En parallèle, nous suivons les impacts sur deux personnages autour de Steven, son frère Baptiste, et la directrice Aude qui avancent tour à tour pour tenter de comprendre ce qui s’est passé.
Le roman se concentre sur l’après, ce moment où l’enfance se fissure et où un garçon trop jeune pour comprendre ce qu’il a fait doit pourtant vivre avec. Steven n’est ni un monstre ni un héros tragique : il est un enfant pris dans une dynamique de fascination, de peur, de loyauté mal placée.

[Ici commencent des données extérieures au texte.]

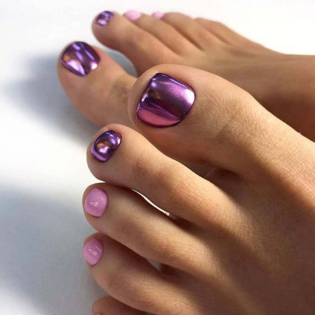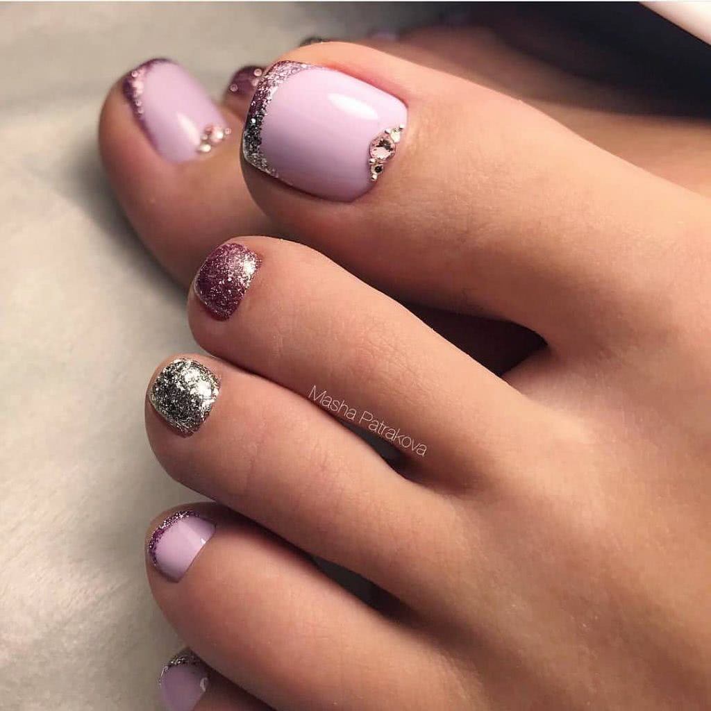 Нежные оттенки розового и сиреневого. Сочетание этих двух гамм дает большой простор для разнообразия дизайна. Чтобы получить педикюр из разных оттенков, используются персиковые, бледно-розовые, лавандовые, аметистовые лаки.
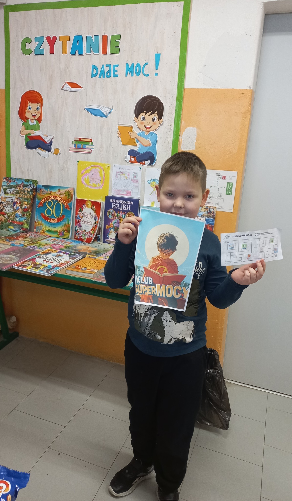 Podsumowanie akcji czytelniczej w ramach programu "Biblioteka - dobre miejsce dla człowieka". Chętni uczniowie zgłosili się do biblioteki i wstąpili do "Klubu Supermocy". Mieli za zadanie przeczytać cztery książki z różnych kategorii i zrealizować dwa wyzwania, związane z czytaniem. Wyzwania polegały na wykonaniu ilustracji wybranej książki i zachęceniu kolegi lub koleżanki do odwiedzenia biblioteki. Uczniowie po przeczytaniu książek i krótkim streszczeniu ich treści, zdobywali kolejne supermoce: moc odwagi, moc mądrości, moc magii i moc świadomości, dążąc do miana superbohaterów. Gratulacje dla uczniów, którzy ukończyli zadanie i przekonali się, że czytanie daje moc!
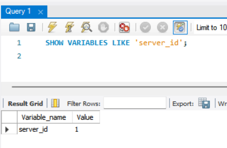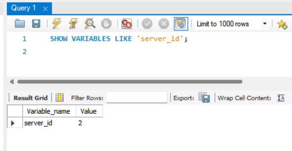 워크벤치에서도 sever_id = 2로 잘 뜬다.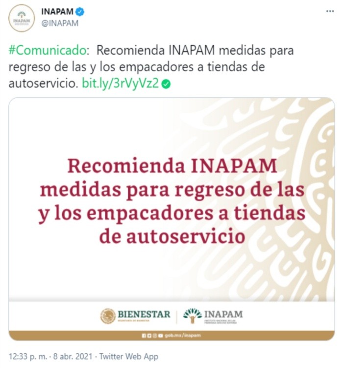 El Instituto Nacional de las Personas Adultas Mayores (Inapam) consideró que los empacadores de mercancías en supermercados, que hayan completado su esquema de vacunación COVID-19, pueden reiniciar sus actividades de manera voluntaria en las diferentes sucursales de tiendas de autoservicio con base en el semáforo de riesgo epidemiológico de cada entidad federativa.A través de un comunicado el instituto también llamó a esta población a aplicar las medidas sanitarias establecidas por la Secretaría de Salud federal."El Inapam, como órgano rector de la política pública hacia las personas adultas mayores, no encuentra objeción en el retorno de las actividades referidas, siempre y cuando sea de manera gradual y ordenada, con respeto al porcentaje de concentración de ciudadanos permitido de acuerdo al color del semáforo epidemiológico y de las características específicas de cada establecimiento", reitero el organismo.Ante ello, el Inapam recomendó la reincorporación de las personas adultas mayores a su actividad de empacado de mercancía, de manera paulatina, con aquellas que completaron su esquema de vacunación COVID-19 y que no hayan presentado alguna enfermedad respiratoria en el último mes.Además de atender el semáforo de riesgo epidemiológico conforme a lo establecido en cada entidad de la República, puesto que se debe recordar que este es un sistema de monitoreo para la regulación del uso del espacio público de acuerdo con el riesgo de contagio de COVID-19.Agregó que para aquellos que deseen voluntariamente permanecer en sus domicilios por un periodo más prolongado, se sugiere a las empresas proporcionarles las facilidades para reincorporarse al establecimiento donde realizaban la actividad de empacador de mercancía, en el momento que lo decidan o cuando la tienda opere al 100 por ciento.Así como aplicar el uso obligatorio de cubrebocas desde la salida de su domicilio, durante el tiempo que permanezcan en la tienda y de regreso a su casa."Será indispensable brindar capacitación a los empacadores voluntarios sobre las medidas preventivas implementadas por cada establecimiento, que deberán seguir durante su horario de actividad en la tienda y al llegar casa, entre las que se encuentran las prácticas apropiadas de higiene de manos, toser o estornudar de etiqueta y la sana distancia durante el desarrollo de actividades y el contacto social".El Inapam destacó la importancia de establecer un filtro sanitario al ingresar a la tienda como se hace con el resto de personal, con la finalidad de medir la temperatura, realizar limpieza de calzado en tapete sanitizante y aplicar alcohol gel en las manos.Proporcionar las condiciones sanitarias necesarias, tales como espacios y materiales requeridos para la continua higiene de manos, cubre boca, guantes desechables, caretas o los establecidos por el corporativo, para su protección."Se deberán evitar aglomeraciones en horarios de espera de cajas, manteniendo la permanencia de una sola persona para el servicio y privilegiando la sana distancia".Finalmente el instituto recomienda a las empresas mantener flexibilidad para permisos de ausencia por enfermedad, alentando a quedarse en casa a quienes muestren síntomas relacionados con enfermedades respiratorias, como fiebre, dolores musculares, de cabeza, garganta, tos, escurrimiento nasal y nariz obstruida, o estómago indispuesto."Reducir al mínimo las situaciones en las que se concentren grupos de personas mayores y cuando sea necesario reunirse, evitar el contacto estrecho manteniendo una separación mínima de 1.5 metros y asegurarse que haya ventilación apropiada o que se lleve a cabo en un lugar abierto", finalizó el Inapam.OF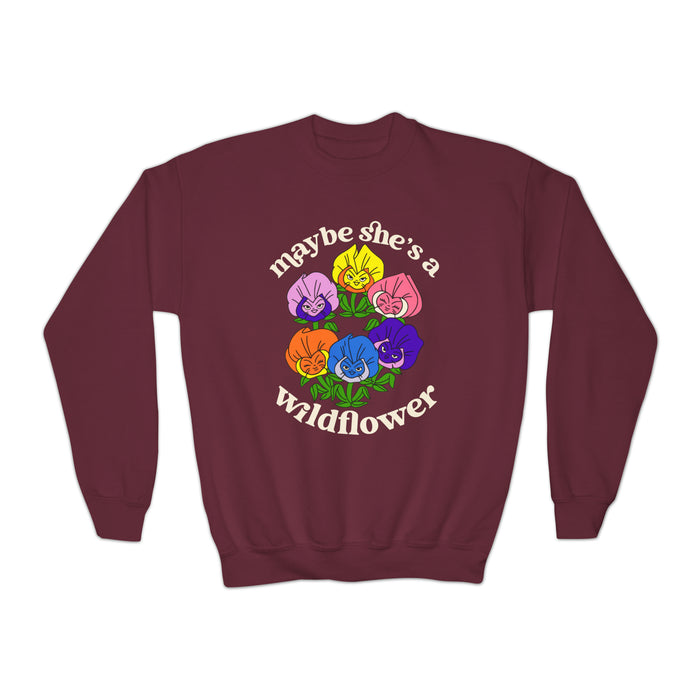 Maybe She’s A Wildflower Gildan Youth Crewneck Sweatshirt
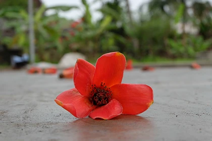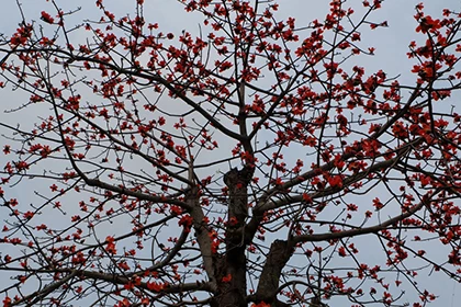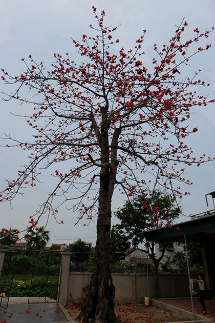 Cứ mỗi dịp cuối xuân, đầu hè, cây gạo rụng sạch lá và thay vào đó là một trời hoa đỏ rực. Nhiều người dân đã thích thú đến chụp hình, quay phim.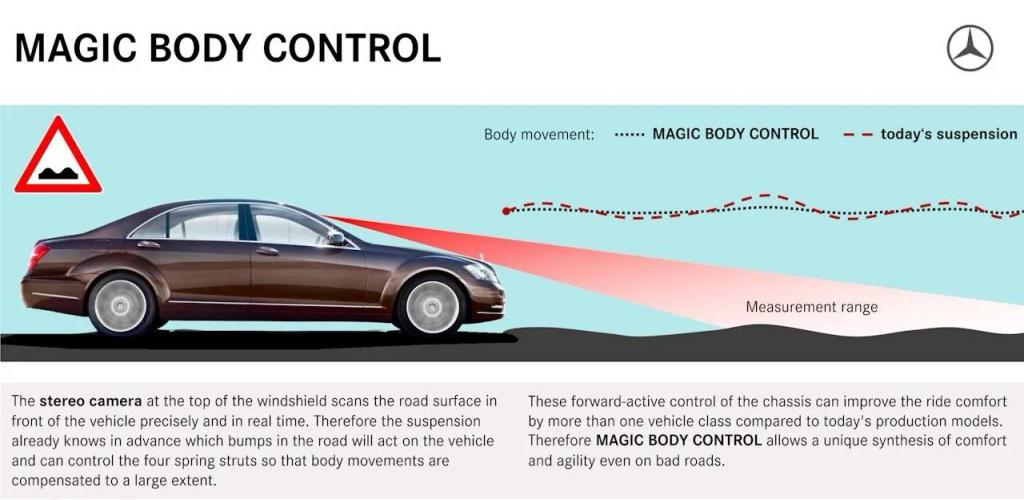 相比之下,奔驰的「魔毯悬架」(Magic Body Control)采取了一种更先进的方法。它使用摄像头预先扫描道路表面,识别前方的凸起和坑洞,并在车辆到达这些地方前,对悬架进行调整。
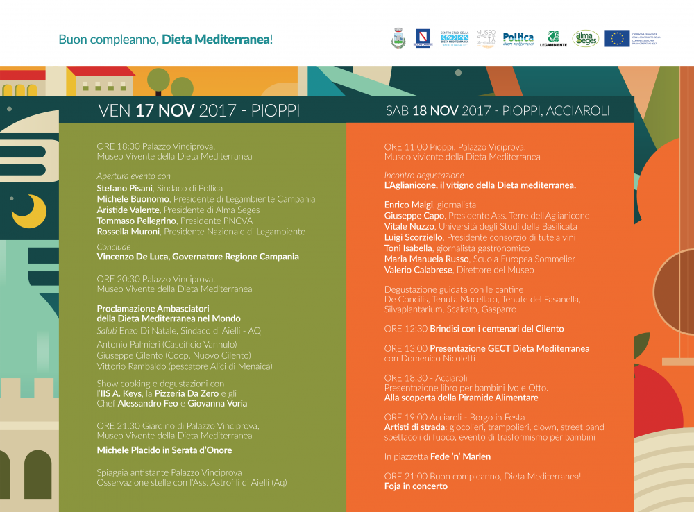 Il primo appuntamento è per venerdì 17 novembre alle ore 18:30 presso Palazzo Vinciprova, sede del Museo Vivente della Dieta Mediterranea di Pioppi, cuore pulsante dell’iniziativa. Interverranno Rossella Muroni, Presidente nazionale di Legambiente; Vincenzo De Luca, Governatore della Regione Campania; Stefano Pisani, sindaco del Comune di Pollica; Tommaso Pellegrino, Presidente del Parco Nazionale del Cilento, Vallo di Diano e Alburni; Aristide Valente, Presidente di Alma Seges e Michele Buonomo, Presidente di Legambiente Campania. L’incontro proseguirà alle ore 20:30 con la proclamazione dei nuovi Ambasciatori della Dieta mediterranea nel mondo: Antonio Palmieri (Caseificio Vannulo), Giuseppe Cilento (Coop. Nuovo Cilento) e Vittorio Rambaldo (pescatore Alici di Menaica). Alle ore 21:30 inizierà lo spettacolo “Serata d’onore” con Michele Placido. Durante la serata spazio anche a degustazioni e showcooking con gli chef Alessandro Feo e Giovanna Voria e i maestri pizzaioli della Pizzeria Da Zero. Nella spiaggia antistante Palazzo Vinciprova, si potranno osservare le stelle con l’Associazione Astrofili di Aielli (Aq).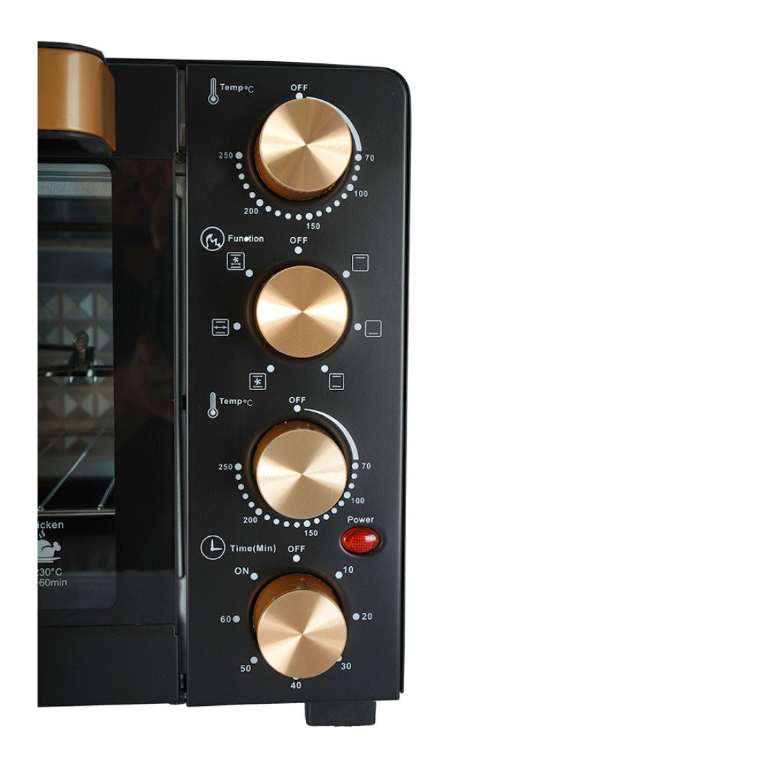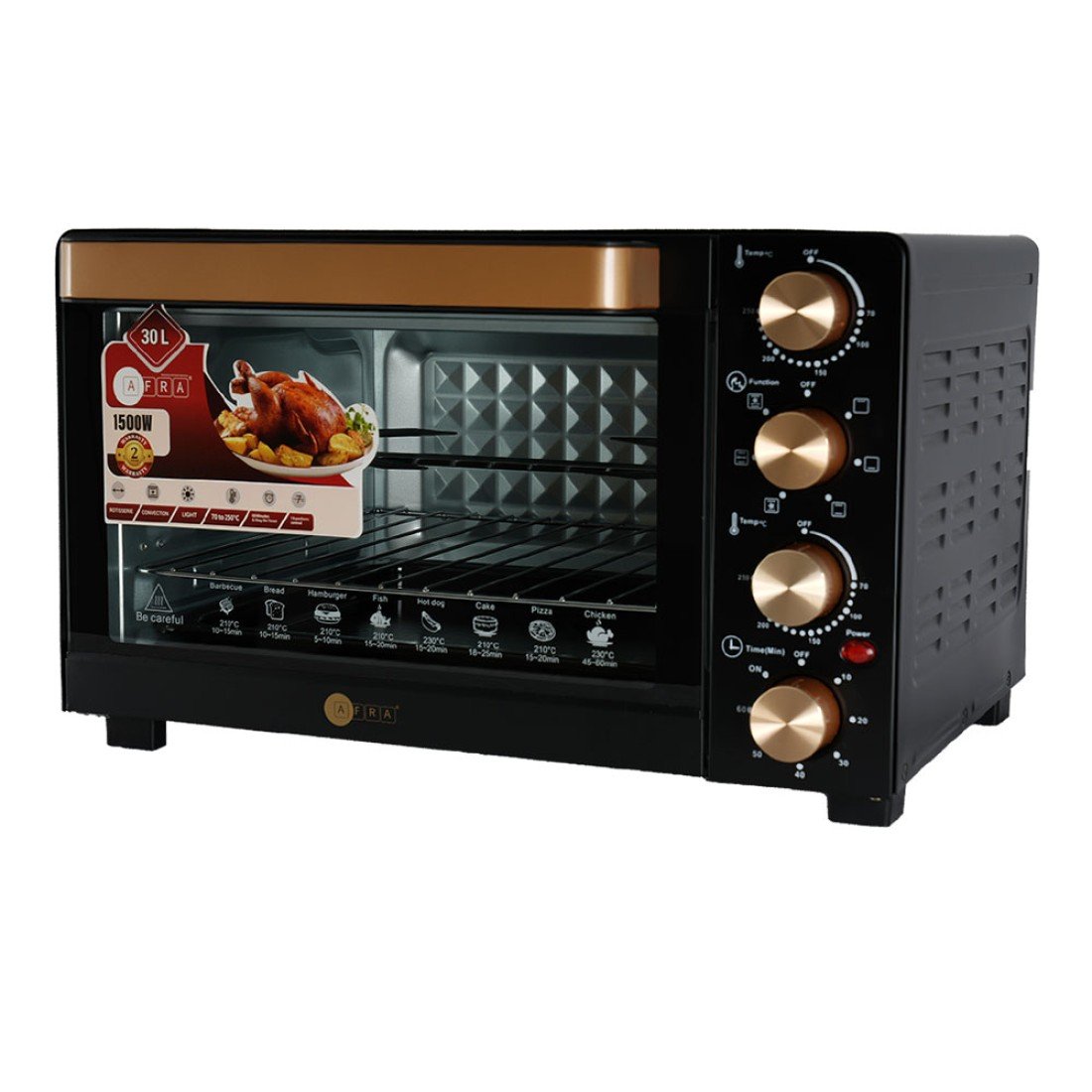 Cook, bake, roast, and grill with ease using the AFRA Electric Oven Toaster – Model AF-3015OTBK. With a generous 30-liter capacity and 1500W of power, this versatile oven is ideal for family meals, party snacks, or everyday cooking.It features 7 cooking functions, including rotisserie and convection settings for even heat distribution and perfectly cooked meals. An adjustable thermostat ranging from 70°C to 250°C ensures precise temperature control for baking and roasting. The built-in oven lamp provides a clear view of your food as it cooks, while the 4 durable knobs offer intuitive control.Accessories included are a baking tray, wire rack, and handle, making your cooking process seamless. The AFRA AF-3015OTBK combines performance, convenience, and stylish black design to elevate your kitchen experience.it’s built to last with safety and quality assurance.

Le style est volontairement dépouillé. Pas de lyrisme, pas de grandes envolées morales. Honoré écrit au plus près de la sidération, avec des phrases courtes, nerveuses, qui laissent l’émotion affleurer. Nous sommes aussi parfois dans les territoires du fantasme ce qui affecte un peu notre compréhension.
Honoré laisse volontairement de larges zones d’ombre : le contexte familial, les motivations de Jérémy, les conséquences judiciaires. Le lecteur avance dans un brouillard qui reflète l’état mental de Steven, mais qui peut aussi créer une forme de distance. Le roman, très court, semble parfois esquiver ce qu’il pourrait approfondir. On aurait aimé comprendre davantage ce qui se joue autour de Steven, au-delà de son intériorité.
‘La douceur’ n’est pas un roman confortable. Il ne cherche pas à expliquer, encore moins à excuser. C’est un texte qui laisse une trace. Un roman bref et sombre. Comme tous les livres dérangeants, celui-ci ne conviendra pas à tous, notamment en raison d’un usage du langage sexuel cru et explicite pour décrire l’intimité de cette amitié tordue entre les deux jeunes garçons.
Définitivement, à réserver aux amateurs de littérature transgressive.